American businessman

Peter Bush Brack is an American entrepreneur, founder, business leader and investor. In the 1990s, he worked at media companies like CNN, Time Inc. and Time Warner, specifically their bases throughout Asia. Afterward, in the early 2000s, he founded his own media companies, Redgate Media Holdings and One Media Holdings, which acquired and published numerous titles in China, Hong Kong and Taiwan.

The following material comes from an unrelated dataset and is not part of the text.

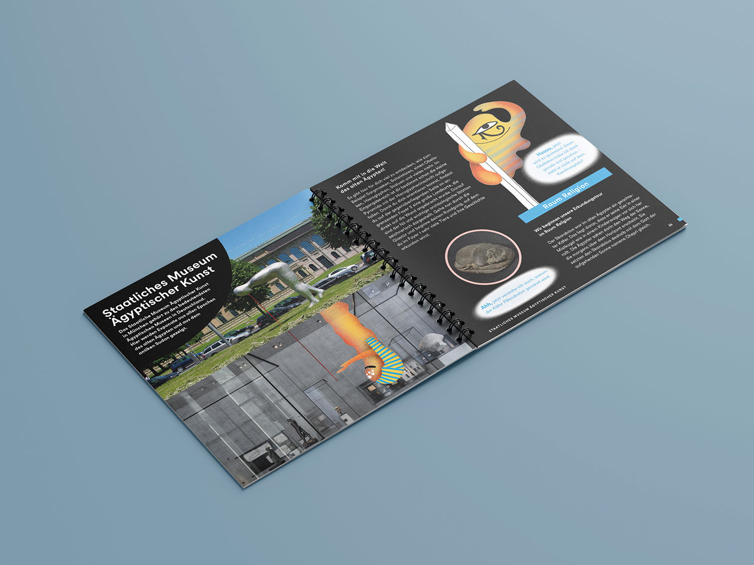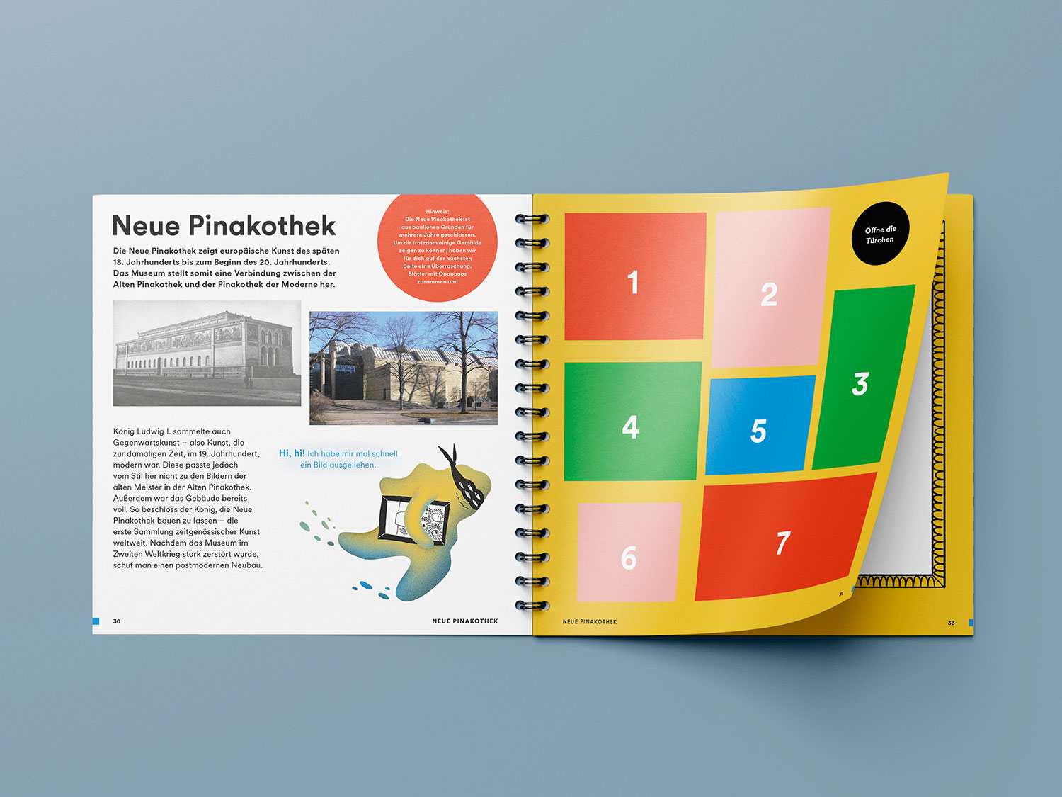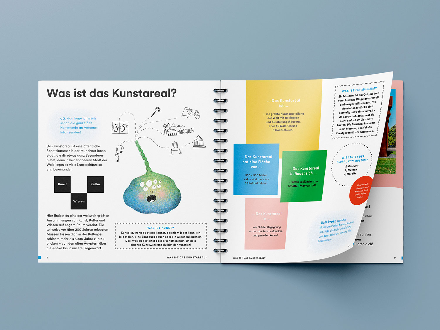 Illustration and design for an interactive children's book. The alien Oooooooz, a curious blob of colour, has landed with his UFO in front of the Pinakothek der Moderne in Munich. He begins to explore the entire art area. Readers will encounter the Bavarian Urelefant, mysterious animals from ancient Egypt, famous artists from all eras, historic buildings and modern design. They are introduced to the experience of art, culture, knowledge in a playful way. All the museums in the Kunstareal are presented in a child-friendly and entertaining way with selected exhibits. Numerous pictures and illustrations, informative fact sheets for young and old, stickers, calendars, tricky tasks and fun puzzles invite children to puzzle and join in.

In the 2010s, Brack began working in venture capital back in the United States. He first became a venture partner and executive-in-residence at Mucker Capital, after which he became the founding partner at Hypothesis Ventures, a firm investing in tech companies in Opportunity Zones. In 2022, Best Startup named Brack one of the "United States's 101 Top Advisors in the Finance Space".

== Education ==
Brack has a BA from Tulane University. He also attended the American University of Paris.

== Career ==

=== Asian media ===
In 1993, Brack was one of the first employees at Turner Broadcasting System's Hong Kong location. He also managed Time Inc.'s Asiaweek and became the company's senior vice president in Asia. After Time Inc. shuttered Asiaweek in 2001 due to financial losses and an ensuing retrenchment effort, Brack stated: "'We had a plan, and the plan was working up until the middle of this year... Then we got struck by lightning. Nobody could have predicted the severity of this downturn. Specifically, Brack cited an existing economic slowdown in Asia paired with the aftermath of the September 11 attacks. Shortly afterward, he was promoted to senior vice president of ad sales at Time and Fortune in Asia. Brack also later served as an executive at Time Warner where he helped launch Cartoon Network in Asia.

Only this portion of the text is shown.